What this task involves:
Below are several entries. Transcribe exactly those lines that fall from the one with "平顶山市卫东区2021—20" through the one with "Typically includes: Roses, Stargazer", end lines included.

Exercise data:
☆ ☆ ☆ ☆
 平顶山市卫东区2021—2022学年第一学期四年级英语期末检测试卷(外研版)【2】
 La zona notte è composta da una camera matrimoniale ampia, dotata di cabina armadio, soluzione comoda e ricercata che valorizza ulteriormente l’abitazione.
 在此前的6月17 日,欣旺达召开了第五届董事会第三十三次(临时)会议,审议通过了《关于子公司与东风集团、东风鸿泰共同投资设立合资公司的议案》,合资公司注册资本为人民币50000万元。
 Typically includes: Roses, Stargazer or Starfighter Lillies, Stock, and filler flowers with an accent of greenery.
☆ ☆ ☆ ☆
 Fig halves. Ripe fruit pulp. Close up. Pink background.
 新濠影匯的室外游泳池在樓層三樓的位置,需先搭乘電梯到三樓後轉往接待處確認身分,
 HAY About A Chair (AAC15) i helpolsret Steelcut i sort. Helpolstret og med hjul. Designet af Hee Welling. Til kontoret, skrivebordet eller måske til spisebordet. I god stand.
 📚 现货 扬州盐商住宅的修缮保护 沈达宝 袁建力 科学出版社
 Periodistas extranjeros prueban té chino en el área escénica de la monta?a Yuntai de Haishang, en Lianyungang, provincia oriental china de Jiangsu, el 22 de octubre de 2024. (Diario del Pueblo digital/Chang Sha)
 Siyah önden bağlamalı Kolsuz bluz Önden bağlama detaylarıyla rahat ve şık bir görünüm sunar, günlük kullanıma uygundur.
☆ ☆ ☆ ☆
Answer area:
 平顶山市卫东区2021—2022学年第一学期四年级英语期末检测试卷(外研版)【2】
 La zona notte è composta da una camera matrimoniale ampia, dotata di cabina armadio, soluzione comoda e ricercata che valorizza ulteriormente l’abitazione.
 在此前的6月17 日,欣旺达召开了第五届董事会第三十三次(临时)会议,审议通过了《关于子公司与东风集团、东风鸿泰共同投资设立合资公司的议案》,合资公司注册资本为人民币50000万元。
 Typically includes: Roses, Stargazer or Starfighter Lillies, Stock, and filler flowers with an accent of greenery.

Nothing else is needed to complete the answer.